Let's see if you will learn something from the optimizations...

First I noticed that he divided by 8, while 8 is a power of two. Such divisions can be sped up by using bitshifts instead, as 8 = 2^3 we need to shift three times to the right, so instead of /8 you do >>3. Testing did show that it rendered quicker!

Next up I wanted to try a little something if the c++ compiler didn't optimize that.....by putting the whole bracket and multiplying part to the front, so that the operation order is actually from left-to-right (due to the way the brackets are), it speeds things up again!

So this is where we are at right now:
Code: Select all
void ultraDraw(byte data[], char x, char y){
 uint8_t* buf = gb.display.getBuffer();
 for(char i = 0; i < 8; i++){
   if (y>=0)
     *((y>>3) * 84 + buf + i+x ) |= data[i] << (y%8);
   *(((y+8)>>3) * 84 + buf + i+x ) |= data[i] >> (8-y%8);
 }
}

When drawing a sprite 100000 times it took on my gamebuino 6114ms.

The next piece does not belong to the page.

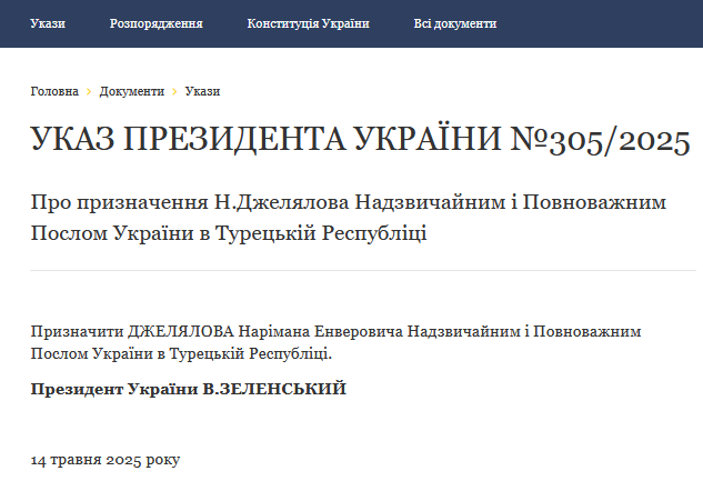 "Призначити Джелялова Нарімана Енверовича Надзвичайним і Повноважним Послом України в Турецькій Республіці", - йдеться у документі.

But you can go quicker. You notice the multiplying with a constant? There are usually ways to speed that up, too! For that we need to know the prime factorials of 84, so I quickly factorized it (more like, used an online tool to do it for me), and it turned out that 2*2*3*7 = 84.
That is good, there are powers of two, so 2^2 * 21 = 84, we can optimize that 2^2 again with a bitshift, as we multiply this time to the left direction.
So instead of num*84 we could do (num<<2)*21
but this isn't where to end, as the AVR cpu can already multiply that wouldn't really speed things up, we need to see it in our context, we'd have now
((y>>3)<<2)*84
And there we are! We shift three times to the right and then twice to the left. we could optimize that by only shifting once left, but we'd need to clear byte 0, 1 and 2 for that, but that is no problem!
A simple &0xF8 will do the trick as it does a logical-and with 0b11111000 so the last two bits drop out, so now we have ((y&F8)>>1) * 21
And yes, this again performs better, where we are at now is this:
Code: Select all
void ultraDraw2(byte data[], char x, char y){
  uint8_t* buf = gb.display.getBuffer() + x;
  for(char i = 0; i < 8; i++){
    if (y>=0)
      *((((y)&0xF8)>>1) * 21 + buf) |= data[i] << (y%8);
    *((((y + 8)&0xF8)>>1) * 21 + buf) |= data[i] >> (8-y%8);
    buf++;
  }
}

When drawing a sprite 100000 times it took on my gamebuino 5897ms.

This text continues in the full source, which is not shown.